Integrate, Integrate, Integrate
Always make sure new tools integrate with the rest of your stack and complement, rather than compete, with each other. And remember, some sales automation tools only do that: automate. Personalizing interactions is up to you, the human.
This brings us to the golden rule:
Know the difference between humans and robots
Only automate those tasks a robot does better than a human.
Oh, and don’t try to automate bad processes or messaging. This will only allow you to be bad at scale.
Evaluate your stack regularly based on the quality of interactions it enables, not the quantity.
Now unleash your human-robot selling machine and watch it go.
Photo Credits: ©Andrey Popov on Adobe Stock
Grab yourself a coffee, closer
By automating tedious or repetitive manual tasks, sales automation solutions can boost productivity and give sales reps back more customer-facing selling time. But they need to be used wisely to ensure buyers get more personalized interactions, not less.
There’s no one-size-fits-all sales automation solution, and that’s a good thing. Every business is different and the range of sales automation tools on the market gives you the freedom to experiment until you find your perfect combo.
Busy sales teams in fast-growing companies using Gmail and Salesforce will love Mixmax. Others may prefer to start small, testing out single-use tools and building up that way.
Whatever approach you take, remember that the goal of sales automation tools is to make your human sales reps more human by freeing them up to do what they do best: talking to people.
And selling. That bit’s important.
Frequently asked questions about sales automation tools
How do you automate sales tasks?
Sales tasks can be automated with sales automation software. Sales automation platforms use robots and artificial intelligence to do repetitive or tedious manual tasks like data entry, enrichment, and analysis; admin; activity tracking and logging; and generating documents, among other things.
Which automation tool is the best on the market?
The best sales automation tool on the market is one that fits your sales processes and your sales reps’ roles and needs. It should automate only the things robots do better than humans, and free reps up to focus on personalizing communications at scale.
How do you automate B2B sales?
B2B sales can be automated using a sales engagement platform like Mixmax. This includes features that allow sellers to nurture prospects over a long sales cycle. For instance, customizable workflows, email sequences, messaging templates, and voicemails, as well as calendar scheduling links, and polls and surveys, etc.
Will the sales manager role be automated?

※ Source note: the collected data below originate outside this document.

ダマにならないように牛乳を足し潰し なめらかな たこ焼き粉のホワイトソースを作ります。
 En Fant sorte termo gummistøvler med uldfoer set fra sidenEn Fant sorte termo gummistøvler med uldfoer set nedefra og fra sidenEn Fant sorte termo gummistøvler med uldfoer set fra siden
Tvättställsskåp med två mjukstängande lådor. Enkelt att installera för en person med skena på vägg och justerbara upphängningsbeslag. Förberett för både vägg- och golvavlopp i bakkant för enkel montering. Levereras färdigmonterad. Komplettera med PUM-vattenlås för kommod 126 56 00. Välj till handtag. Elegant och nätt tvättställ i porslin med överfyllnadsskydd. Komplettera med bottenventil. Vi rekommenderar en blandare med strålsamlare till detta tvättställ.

Sales managers increasingly rely on sales automation tools to track performance, monitor KPIs, generate reports, and forecast. However, the sales manager role still requires a human to perform high-value tasks, so it’s unlikely to ever be fully automated. By contrast, low-level repetitive jobs like data entry, taking notes and summarizing meetings, and drafting proposals and reports are good candidates for full automation.